• **Input**
▬▬▬▬▬▬

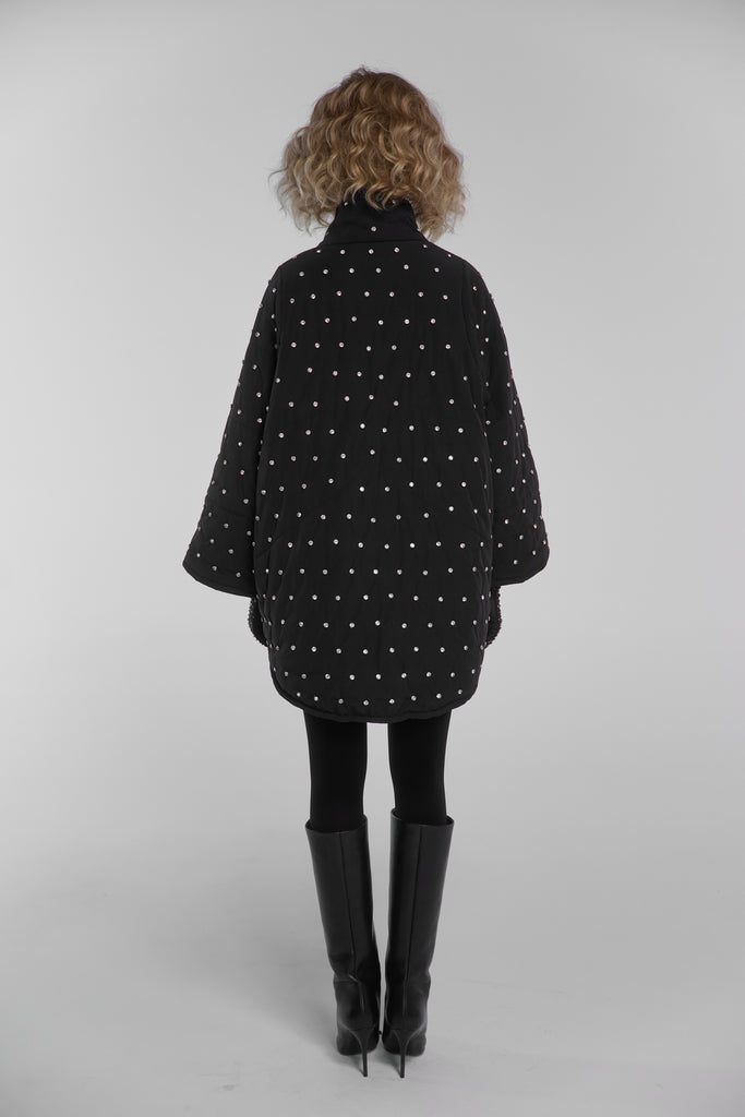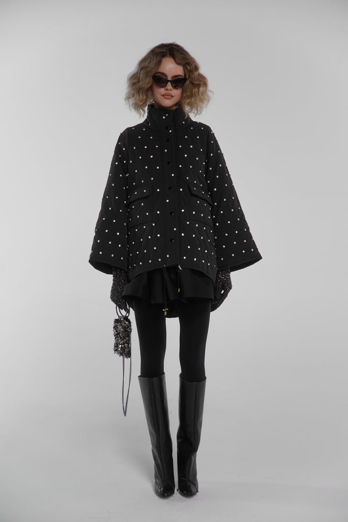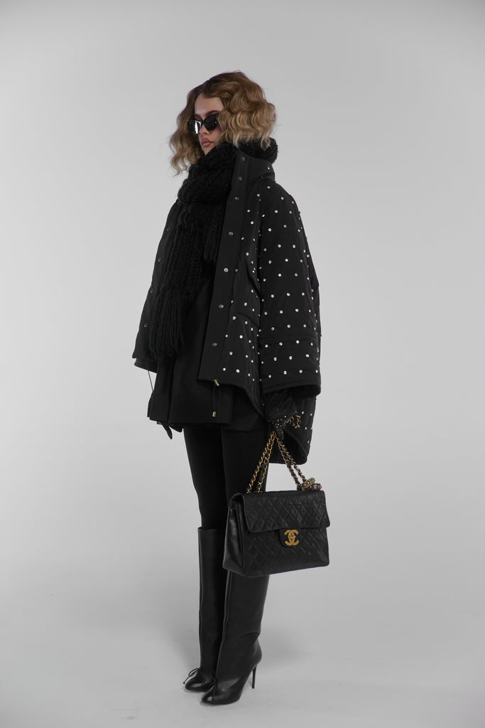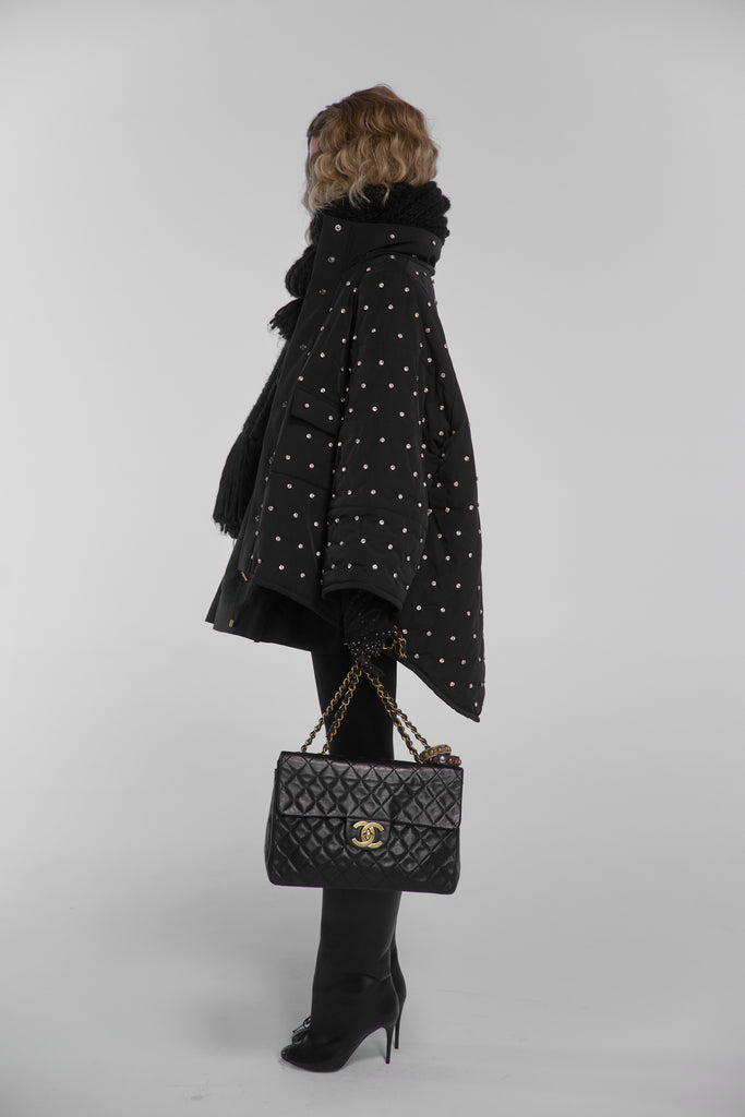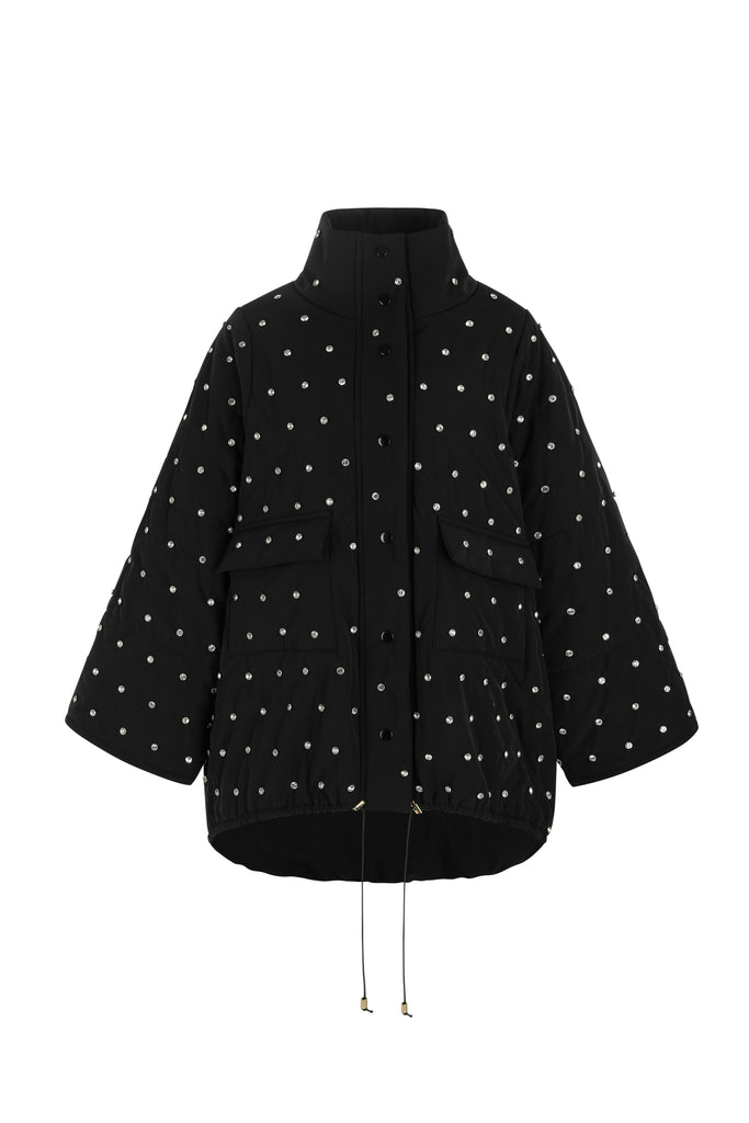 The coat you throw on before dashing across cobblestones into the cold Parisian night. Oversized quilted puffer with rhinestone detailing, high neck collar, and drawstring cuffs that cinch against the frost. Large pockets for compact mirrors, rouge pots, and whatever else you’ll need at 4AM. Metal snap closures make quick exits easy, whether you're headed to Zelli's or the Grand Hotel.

▬▬▬▬▬▬

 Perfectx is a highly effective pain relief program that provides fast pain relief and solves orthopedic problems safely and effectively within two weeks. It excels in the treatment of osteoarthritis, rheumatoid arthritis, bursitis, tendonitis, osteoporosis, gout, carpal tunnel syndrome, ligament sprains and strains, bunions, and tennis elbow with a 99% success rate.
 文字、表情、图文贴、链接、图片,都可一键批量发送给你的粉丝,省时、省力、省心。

▬▬▬▬▬▬

• **To do**
Copy out only the lines above from the one with "Perfectx is a" to the one with "文字、表情、图文贴、链接、图片,都可一键批量发送给你的粉丝,省时、省力、省心。", inclusive, exactly as they stand.

• **Exercise output**
 Perfectx is a highly effective pain relief program that provides fast pain relief and solves orthopedic problems safely and effectively within two weeks. It excels in the treatment of osteoarthritis, rheumatoid arthritis, bursitis, tendonitis, osteoporosis, gout, carpal tunnel syndrome, ligament sprains and strains, bunions, and tennis elbow with a 99% success rate.
 文字、表情、图文贴、链接、图片,都可一键批量发送给你的粉丝,省时、省力、省心。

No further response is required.